• _Task requirements_: Directions for the data below: repeat exactly the lines from the one with "世界で最も古い酒造りの歴史を" through the one with "Figura 02: Evolução", both included, and omit all pictures.

• _Data extracted from a collection_:
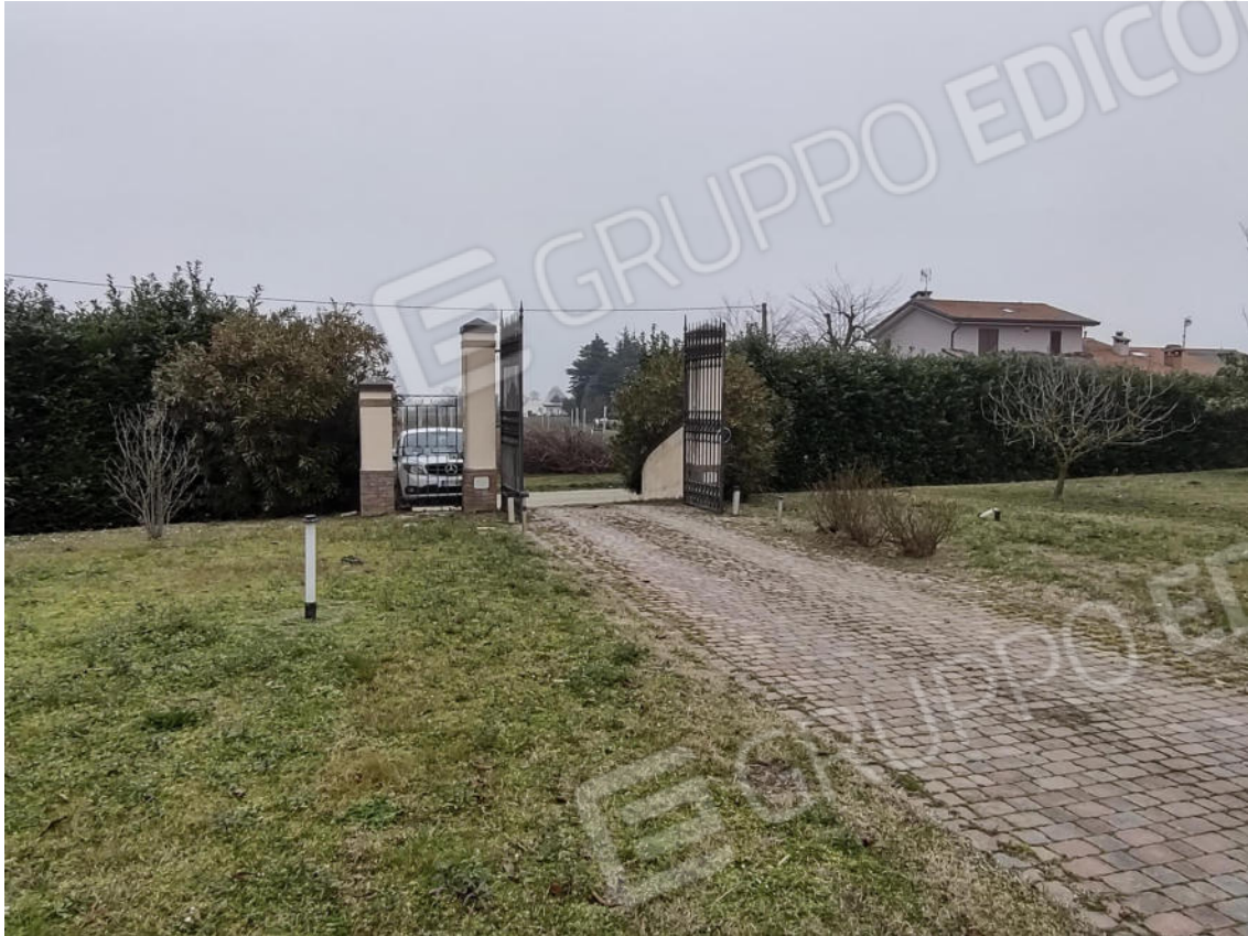
FOTO 3. I cancelli di accesso alla proprietà e il percorso carrabile interno
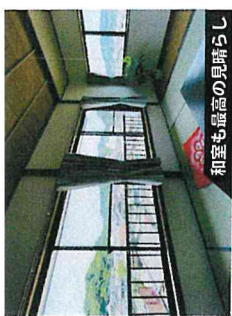
和室も最高の見晴らし
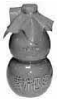
「洞天乳酒」。種類によってアルコール度数や風味が異なる。

世界で最も古い酒造りの歴史を持つとされる中国。都江堰市にも、千年の歴史を持つ「洞天乳酒」という有名なお酒があります。四川省が原産地とされる果物のキウイと青城山の天然水を使い、道教の伝統的な技法で製造したお酒で、ひょうたん型の瓶に入っているのが特徴です。
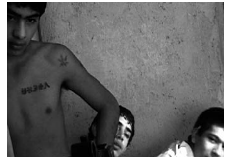
5 Dots – Video / International Film Festival Oberhausen / 2008

guided by the Michel Foucault's words included in one of his writings: "the knowledge that the dominant culture does not need for itself is the only one that is not assimilated by power, which is the only one that shall not be assimilated as a weapon of repression". This is the "knowledge" that Ochoa has sought for in the memory of the SAD.CO old miners, and in the reconstruction of the old photographer Pedro Vidart figure through the accounts about his life and death made by the dwellers of the Potrerillos Villa. The knowledge of some defeated who are not convinced, and which is, consequently, discrete, disseminated, singular, always singular and hardly assimilable to the omni comprehensive vocation, homogeneity, continuity and fluency, both logical, historical, and temporal, of the dominating discourses.
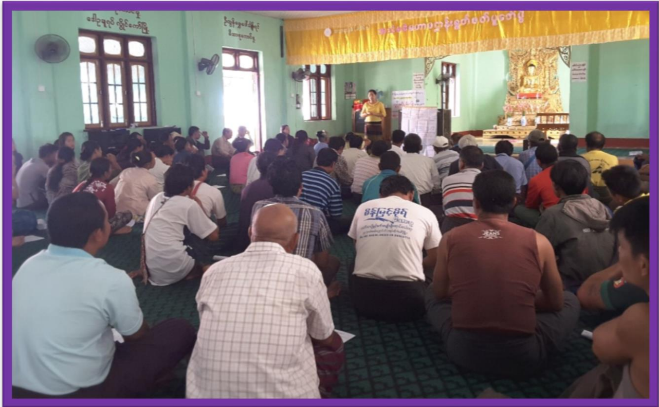
ငွေတောင်ကျေးရွာ၊ ငွေတောင်ကျေးရွာအုပ်စု
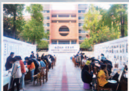
艺术节现场书画比赛
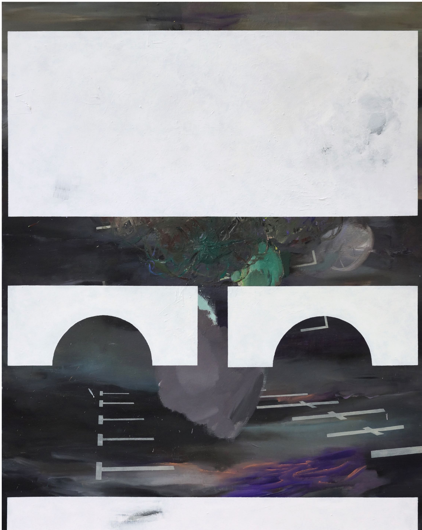
MARTIN MOHR time warp

Acryl, Lack und Öl auf Leinwand 150 x 140 cm 2016
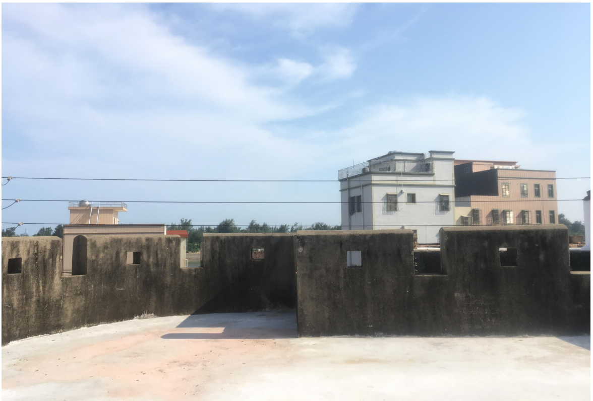
东 A 段城墙三合土墙垛修缮后
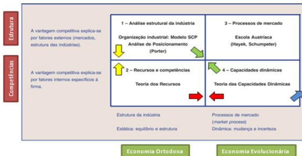
Figura 02: Evolução das Correntes Explicativas da Vantagem Competitiva

A figura abaixo apresenta uma proposta revisional dos critérios de classificação das teorias fundamentais da vantagem competitiva, bem como os movimentos evolutivos que serão discorridos na seção seguinte.
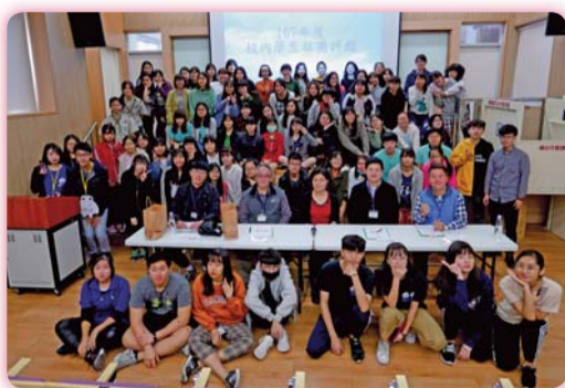
▲ 社團評鑑裁判與社員代表合影

南護各社團一向表現優異，有口皆碑，但評鑑難免有遺珠之憾，期待明年可以看到社團更精彩的成就，加油！

• _Written response_:
世界で最も古い酒造りの歴史を持つとされる中国。都江堰市にも、千年の歴史を持つ「洞天乳酒」という有名なお酒があります。四川省が原産地とされる果物のキウイと青城山の天然水を使い、道教の伝統的な技法で製造したお酒で、ひょうたん型の瓶に入っているのが特徴です。
5 Dots – Video / International Film Festival Oberhausen / 2008

guided by the Michel Foucault's words included in one of his writings: "the knowledge that the dominant culture does not need for itself is the only one that is not assimilated by power, which is the only one that shall not be assimilated as a weapon of repression". This is the "knowledge" that Ochoa has sought for in the memory of the SAD.CO old miners, and in the reconstruction of the old photographer Pedro Vidart figure through the accounts about his life and death made by the dwellers of the Potrerillos Villa. The knowledge of some defeated who are not convinced, and which is, consequently, discrete, disseminated, singular, always singular and hardly assimilable to the omni comprehensive vocation, homogeneity, continuity and fluency, both logical, historical, and temporal, of the dominating discourses.
ငွေတောင်ကျေးရွာ၊ ငွေတောင်ကျေးရွာအုပ်စု
艺术节现场书画比赛
MARTIN MOHR time warp

Acryl, Lack und Öl auf Leinwand 150 x 140 cm 2016
东 A 段城墙三合土墙垛修缮后
Figura 02: Evolução das Correntes Explicativas da Vantagem Competitiva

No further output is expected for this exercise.